» STORED DATA:
Start of Block
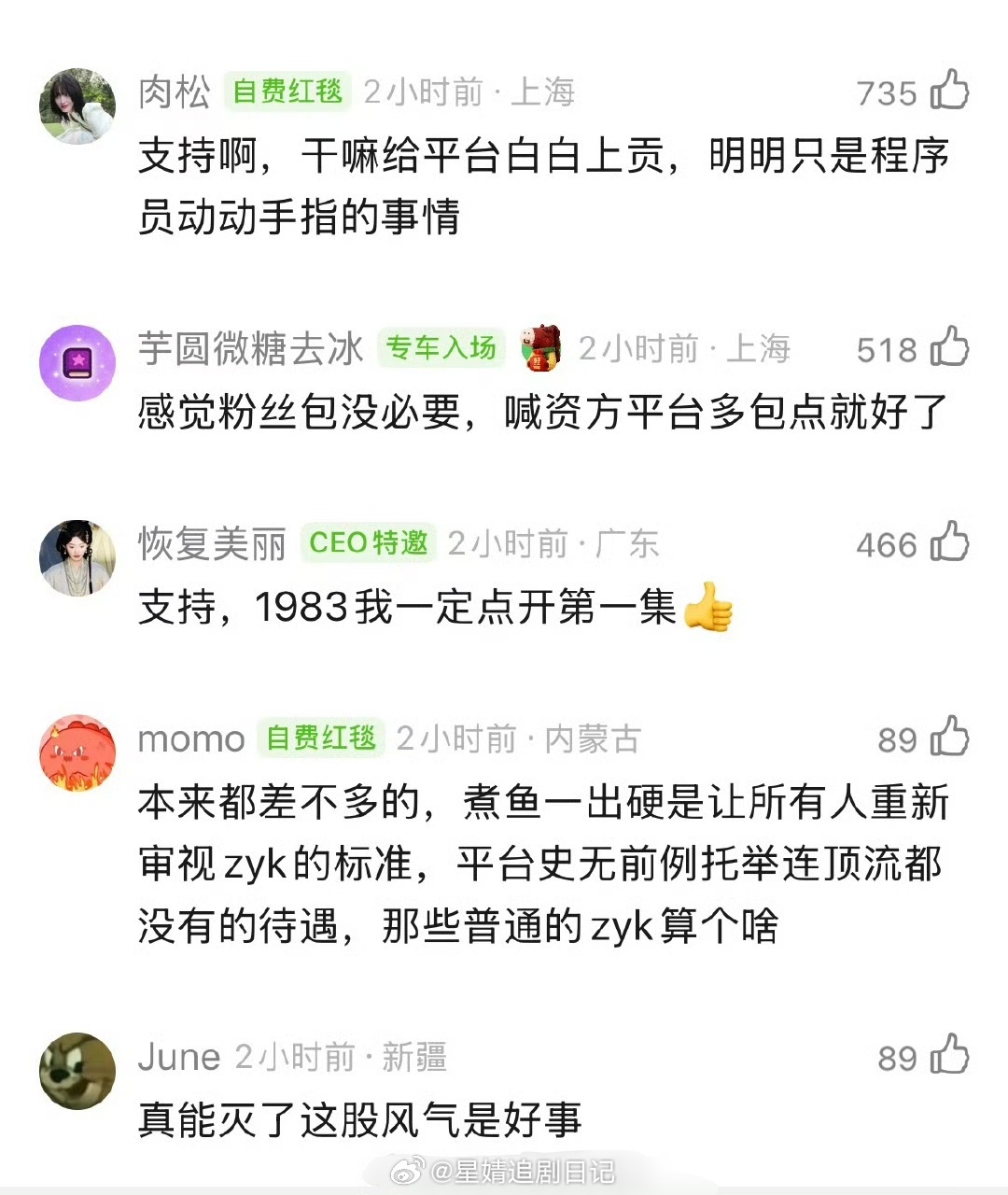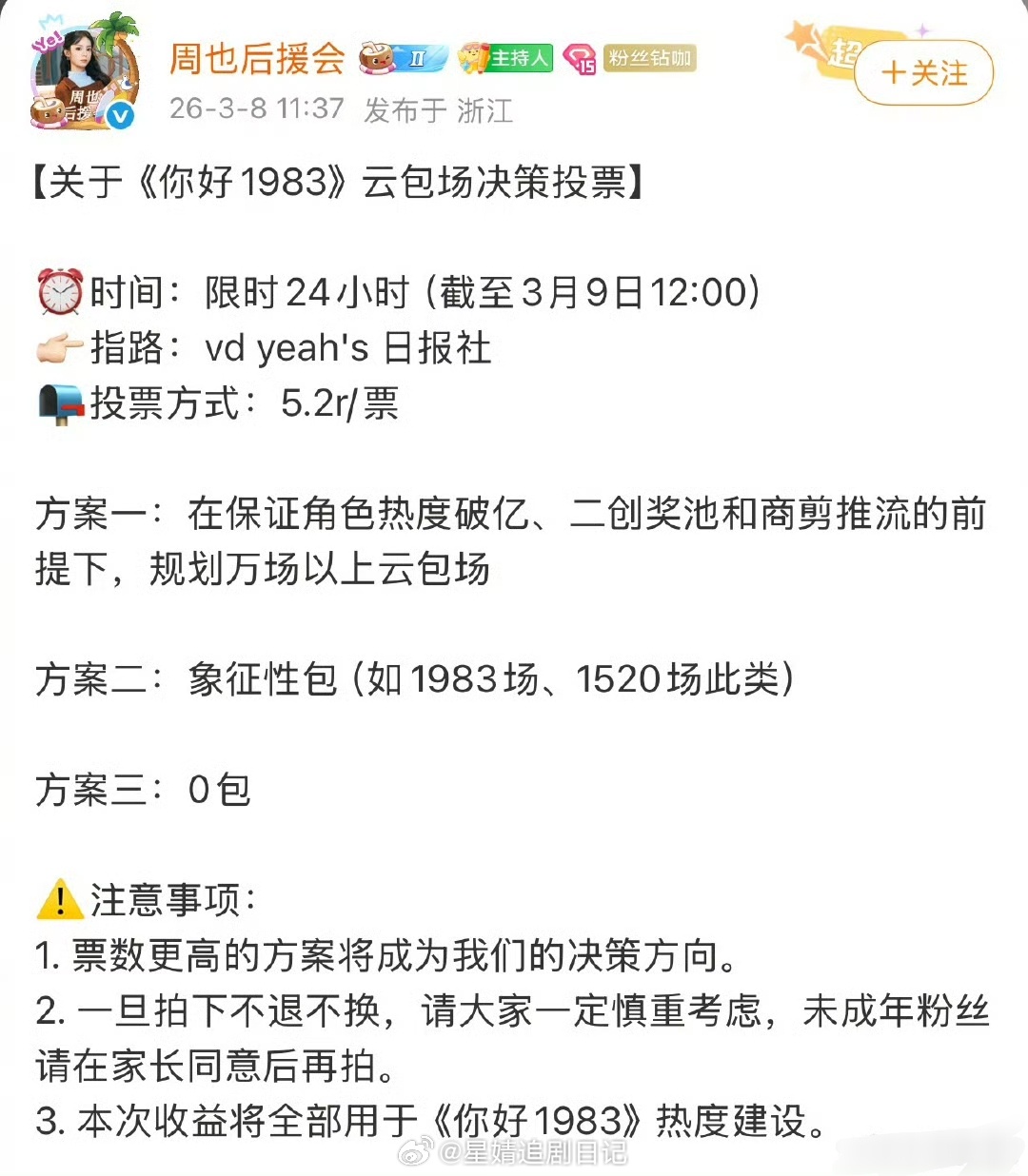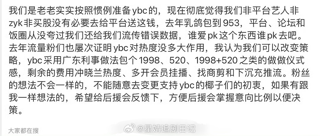 周也后援会清醒,周也后援会 0包场没有🔒gc吧?我试试!经过我的试验,确实🔒了。实话实说周也家其实没有这么大的能量撬动内娱去云包场化,只能说尊重自家选择。这两天一直挂上热搜不过是因为内娱粉圈苦云包场久矣,深刻共情外加观望其他家,只要大家都不包拿自己也可以不包了~可见平台还是觉得云包场很重要因为ybc是真金白银,而且说明平台现在真的非常缺钱。云包场这个金额其实和会员收入比起来差很远的,看来蚊子肉也是肉了。好好做剧可以赚的几十亿会员收入被口碑毁了!现在几百万的ybc当作不能放过的肥肉。狂飙挽救🥝的时候大概没想过今日的结局…那太好了,以后各家都别弄云包场了,粉丝的钱也是钱,再也不用卷了,天天拉表这个包的多那个包的少的,就从周也姐姐家开始吧,我相信以后肯定有很多人都感谢的。就怕你们开了这个头没人跟风啊
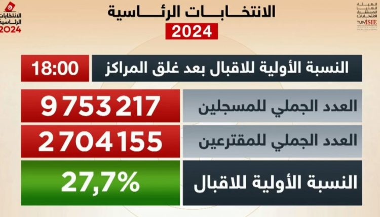 أكد رئيس الهيئة العليا المستقلة للانتخابات في تونس فاروق بوعسكر، أن عدد التونسيين الذين صوتوا في الانتخابات الرئاسية، بلغ مليونان و704 آلاف و155 ناخبا أي بنسبة 27.7 في المائة.
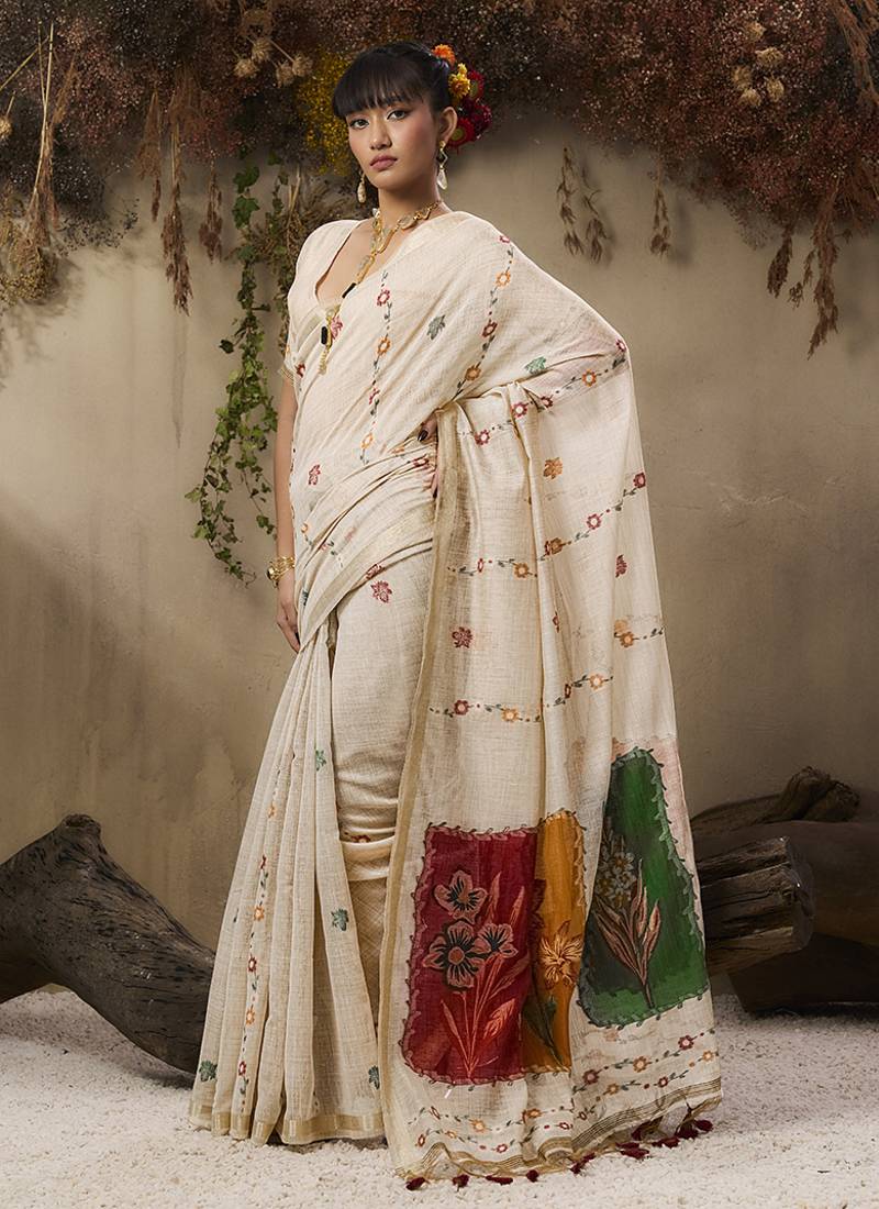| Product Name | Cotton Blend Woven Cream Saree | |
End of Block
» EXERCISE: From the line containing "أكد رئيس الهيئة" to the last line of the material, every line is to be reproduced exactly. No picture belongs in the copy.

» SOLUTION FOR THIS TASK:
 أكد رئيس الهيئة العليا المستقلة للانتخابات في تونس فاروق بوعسكر، أن عدد التونسيين الذين صوتوا في الانتخابات الرئاسية، بلغ مليونان و704 آلاف و155 ناخبا أي بنسبة 27.7 في المائة.
| Product Name | Cotton Blend Woven Cream Saree | |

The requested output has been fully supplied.